* _Requirement_
Starting at the line that has "Conform Google, Android" and stopping after the line that has "商品名称:雅居纺家纺 2026新款A类加厚三明治底黑边PE凉感席 枫叶-灰", reproduce the listing below exactly; omit everything else.

* _The records_
>>>>
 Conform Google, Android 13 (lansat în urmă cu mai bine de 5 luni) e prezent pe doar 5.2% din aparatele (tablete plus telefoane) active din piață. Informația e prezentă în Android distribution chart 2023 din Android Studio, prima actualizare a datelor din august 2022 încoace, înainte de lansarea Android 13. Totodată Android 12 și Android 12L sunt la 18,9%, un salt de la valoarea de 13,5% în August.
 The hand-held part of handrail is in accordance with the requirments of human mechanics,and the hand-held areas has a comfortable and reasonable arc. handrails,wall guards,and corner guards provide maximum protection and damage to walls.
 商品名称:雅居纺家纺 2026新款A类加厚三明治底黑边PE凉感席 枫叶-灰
<<<<
>>>>
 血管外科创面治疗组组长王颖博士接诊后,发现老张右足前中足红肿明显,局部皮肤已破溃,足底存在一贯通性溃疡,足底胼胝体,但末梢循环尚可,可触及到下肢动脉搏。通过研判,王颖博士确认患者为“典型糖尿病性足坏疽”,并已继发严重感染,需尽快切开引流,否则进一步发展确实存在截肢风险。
<<<<
* _Finished task_
 Conform Google, Android 13 (lansat în urmă cu mai bine de 5 luni) e prezent pe doar 5.2% din aparatele (tablete plus telefoane) active din piață. Informația e prezentă în Android distribution chart 2023 din Android Studio, prima actualizare a datelor din august 2022 încoace, înainte de lansarea Android 13. Totodată Android 12 și Android 12L sunt la 18,9%, un salt de la valoarea de 13,5% în August.
 The hand-held part of handrail is in accordance with the requirments of human mechanics,and the hand-held areas has a comfortable and reasonable arc. handrails,wall guards,and corner guards provide maximum protection and damage to walls.
 商品名称:雅居纺家纺 2026新款A类加厚三明治底黑边PE凉感席 枫叶-灰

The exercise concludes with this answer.